# To do
Although the data below contains pictures, output only the lines between those holding "今週末に行われる南那珂地区中" and "By building an", inclusive, exactly and without those pictures.

(Excerpts from a dataset)
>>>>

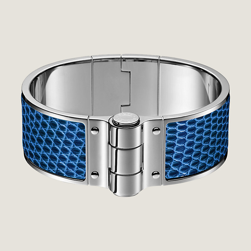 Hermes bracelet in polished Niloticus lizard leather, palladium plated hardware
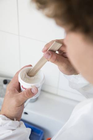 GriP AntiRutsch ist eine körnige, wasserbasierte Zwei-Komponenten Beschichtung. Nun werden die Materialien zusammen geführt. Gebinde A ist die Grip-Mischung. „Ich öffne den Becher und rühre mit dem Holzstäbchen die Masse um. Die Konsistenz fühlt sich an wie Lack mit Sandpartikeln. Je besser ich aufmische, desto leichter tue ich mich beim Auftragen.“ Anschließend wird der Härter (Flüssigkeit B) eingerührt.
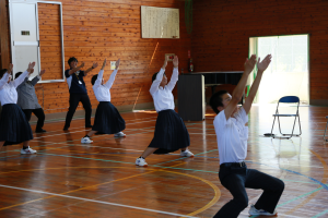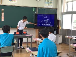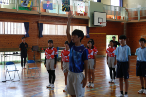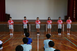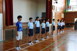 今週末に行われる南那珂地区中学校総合体育大会に向けて、激励式を行いました。男女ソフトテニス部の選手たちが、大会に向けての抱負を発表しました。
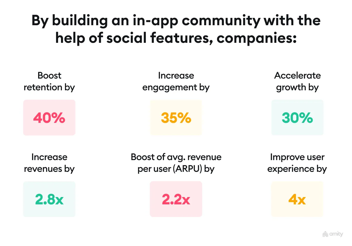By building an in app community with the help of social features, companies boost retention by 40%, increase engagement by 35%, accelerate growth by 30%, and increase revenues by 2.8x!
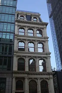 The preservationist Margot Gayle, president of the group Friends of Cast-iron Architecture, had advocated for the New York City Landmarks Preservation Commission (LPC) to designate the building as a city landmark since 1974.[39] The LPC began considering designating 287 Broadway, 319 Broadway, and 90–94 Maiden Lane as landmarks in 1987.[39][40] LPC officials believed that the building was a "good example" of Italianate palazzo architecture in New York City, especially because the structure's original mansard roof was almost entirely intact.[39] At a public hearing for the proposed landmark designation, witnesses described 287 Broadway as one of New York City's few surviving examples of a cast-iron building designed in mixed Italianate and French Second Empire styles.[22] Supporters of the designation praised the design of its windows and columns.[40] The Gindi family, which still owned the building, opposed the designation.[41] The LPC designated 287 Broadway as a city landmark on August 29, 1989.[42]
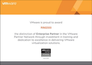 Партнерские отношения двух компаний начались в 2007 году, когда RIM2000 получила статус первого уровня — Registered Partner, вместе с регистрацией на портале VMware Partner Central и правом продаж минимального набора продуктов производителя. Второй уровень, Professional Partner, дал предприятию возможность продавать любые программные разработки VMware. Третий уровень, Enterprise Partner, подразумевает наличие в штате компании сертифицированных специалистов VMware по технике внедрения решений и продажам, подтверждает компетенцию, опыт и растущую динамику сотрудничества между партнерами. Статусом VMware Enterprise Partner владеют всего 14 отечественных компаний.
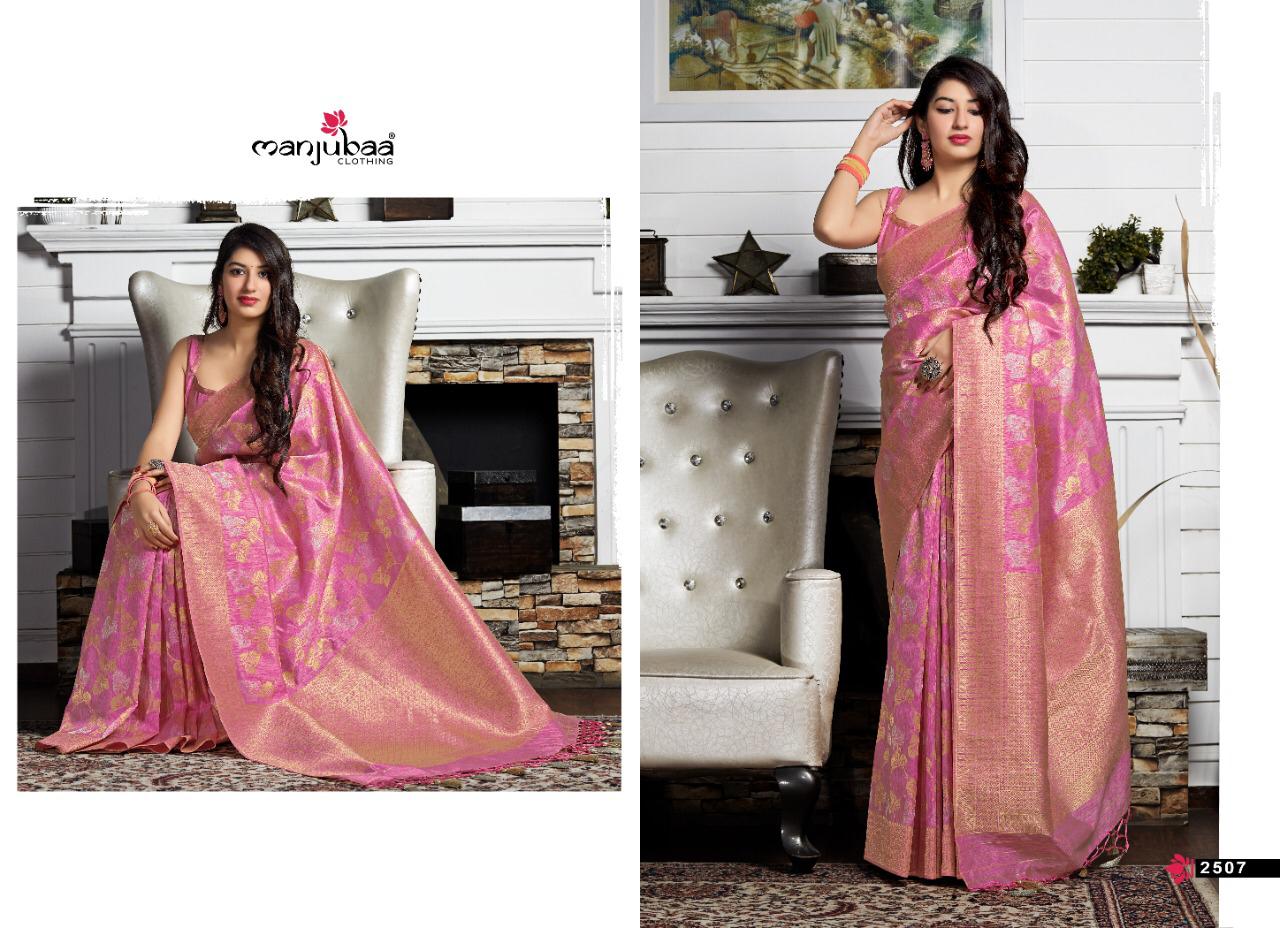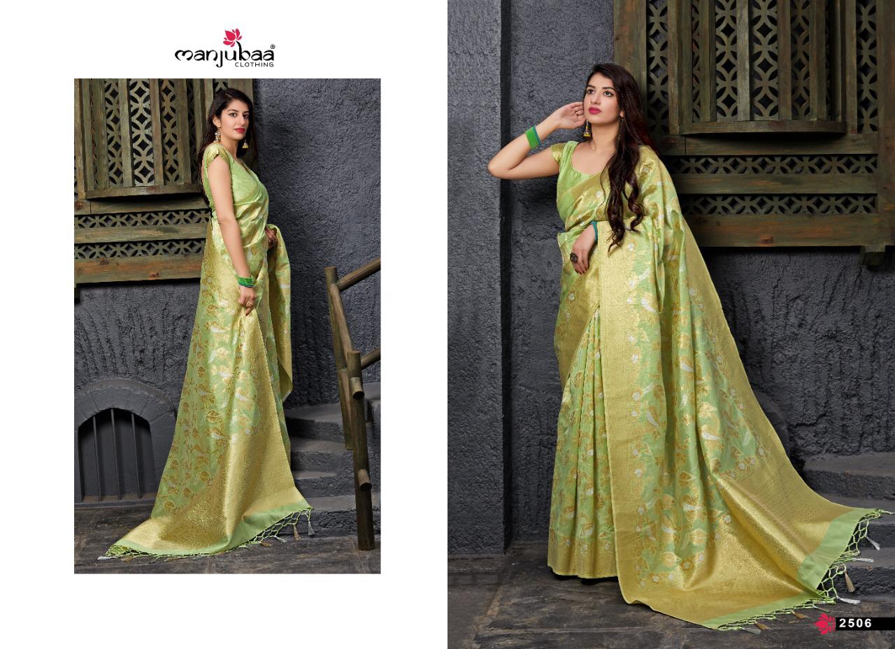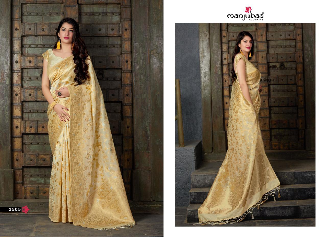 Buy Online Maryada Silk By Manjubaa Series 2501 To 2508 Silk Designer Occasion Wear Sarees Set And Single Wholesale Supplier And Dealer India 8 Pcs of Full Catalogue at Wholesale Price. Looking for Maryada Silk By Manjubaa Series 2501 To 2508 Silk Designer Occasion Wear Sarees Set And Single Wholesale Supplier And Dealer India Full Catalouge at Best Price? Buy Now Maryada Silk By Manjubaa Series 2501 To 2508 Silk Designer Occasion Wear Sarees Set And Single Wholesale Supplier And Dealer India at Wholesale Rate of Rs 20760 with Total 8 Pcs from authroized dealer and supplier of Manjubaa Clothing Brand. Cost of Each piece is just only Rs 2595 which is very low and affordable price to resale the product in your retail store ,This is Surat based Wholesale Supplier & Dealer of Manjubaa Clothing Brand. Click on Brand name to Know more about Manjubaa Clothing Brand's products.Call or Whatsapp on 9898838984 for booking or enquiry

<<<<

# The completed task
 今週末に行われる南那珂地区中学校総合体育大会に向けて、激励式を行いました。男女ソフトテニス部の選手たちが、大会に向けての抱負を発表しました。
By building an in app community with the help of social features, companies boost retention by 40%, increase engagement by 35%, accelerate growth by 30%, and increase revenues by 2.8x!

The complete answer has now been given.